We endeavour to only hold Personal Information that is accurate, complete and up-to-date. You have the right to make a request to access Personal Information which we hold about you and to request corrections of any errors in that data. To make an access or correction request, contact us using the contact details provided at the end of this Policy.
If you have an account with us, you can access some of the Personal Information that we collect about you. By logging into your account, you can update or correct certain information.
In order to protect your Personal Information, when you contact us, we may require identification from you before releasing the requested information or making the correction.
We do not, and do not permit another party to, train any Artificial Intelligence (AI) in any way on data and information provided to us directly or through your account without your prior written consent. For purposes of this Privacy Policy, “AI” means any system, platform or tool that is designed to operate with a level of autonomy (i.e. without express programming), taking inputs and using algorithmic, mathematical or modelling techniques (such as machine learning) to generate output. For the avoidance of doubt, the terms “Artificial Intelligence” and “AI” exclude software or tools that incidentally incorporate AI-related features as ancillary or non-primary functionality (e.g., automated recommendations within general-purpose software such as Microsoft Word or similar programs).
For the purposes of the GDPR, we are a “data controller” of Personal Information. If you’re a citizen or resident of the European Economic Area, the following rights apply to you.
You are entitled to ask us to port your Personal Information (i.e. to transfer in a structured, commonly used and machine-readable format, to you), to erase it, or restrict its processing. You also have rights to object to some processing and where we have asked for your consent to process your data, to withdraw this consent.
These rights are limited in some situations – for example, where we can demonstrate that we have a legal requirement to process your Personal Information. In some instances, this means that we may retain some data even if you withdraw your consent.

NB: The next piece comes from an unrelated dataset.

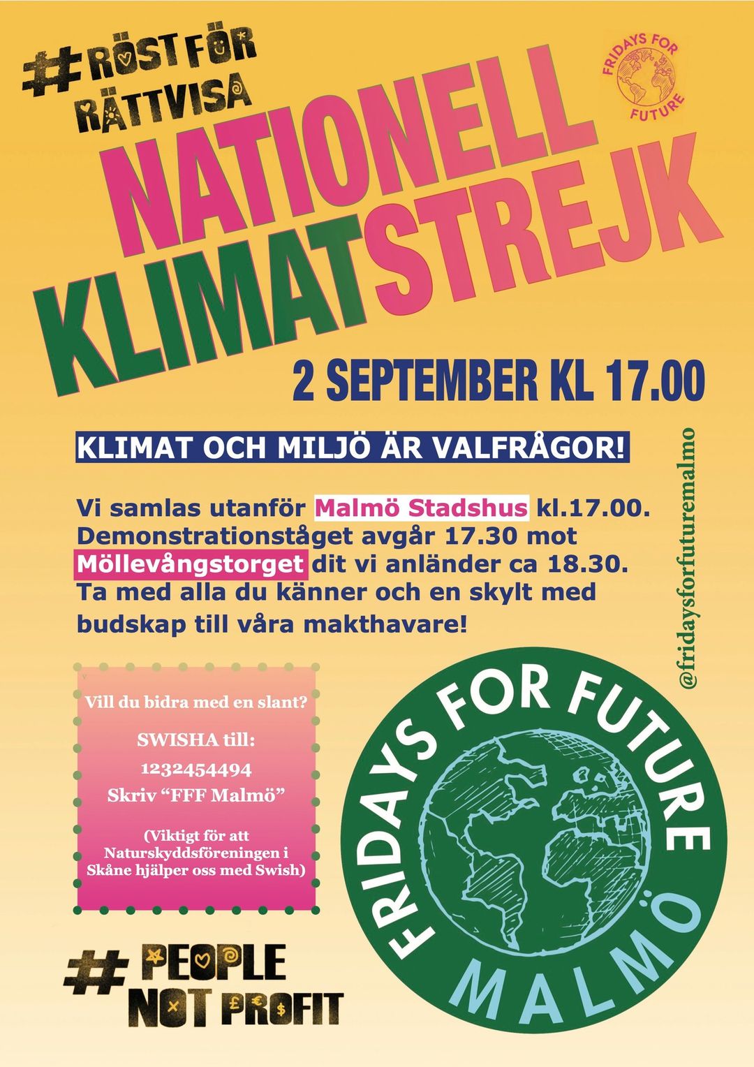 Fredagen 2 september blir det Nationell Klimatstrejk för att uppmärksamma klimatfrågan inför valet 11 september. I Malmö samlas vi 17.00 utanför Stadshuset där det bjuds på musik och tal. 17.30 avgår vi under ledning av trummor från BAM och budskap till vår omgivning om att uppmärksamma den klimatkris vi befinner oss mitt i. Vid Möllevångstorget… Fortsätt läsa Nationell Klimatstrejk 2 september

Where we require your Personal Information to comply with legal or contractual obligations, then provision of such data is mandatory and if you do not provide it then we will not be able to manage our contractual relationship with you, or to meet obligations placed on us. In those cases, you must provide us with your Personal Information, otherwise the provision of requested Personal Information is optional.

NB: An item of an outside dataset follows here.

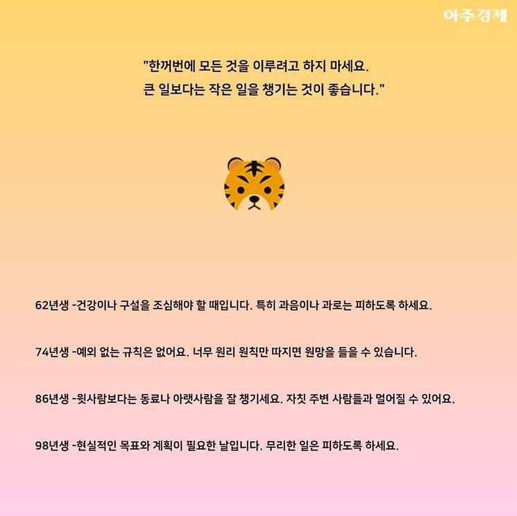 ▶호랑이띠 오늘의 운세 "한꺼번에 모든 것을 이루려고 하지 마세요. 큰 일보다는 작은 일을 챙기는 것이 좋습니다."

If you have unresolved concerns, you also have the right to complain to data protection authorities. The relevant data protection authority will be the data protection authority in the country:
Your privacy is important to us. If you have any complaints, concerns or questions about our handling of your Personal Information, we ask that you first contact our privacy officer whose contact details are listed below. We will investigate your complaint and reply to you in writing if you provide us with contact details and request us to do so.
If, after we have conducted our investigations you are still not satisfied, then we ask you to consult with the Office of the Australian Information Commissioner:
We will need to change this Policy from time to time in order to make sure it stays up to date with the latest legal requirements and any changes to our privacy management practices.
When we do change the Policy, we’ll make sure to notify you about such changes, where required. A copy of the latest version of this Policy will always be available on this page.
This Privacy Policy was last updated on 30 November 2025.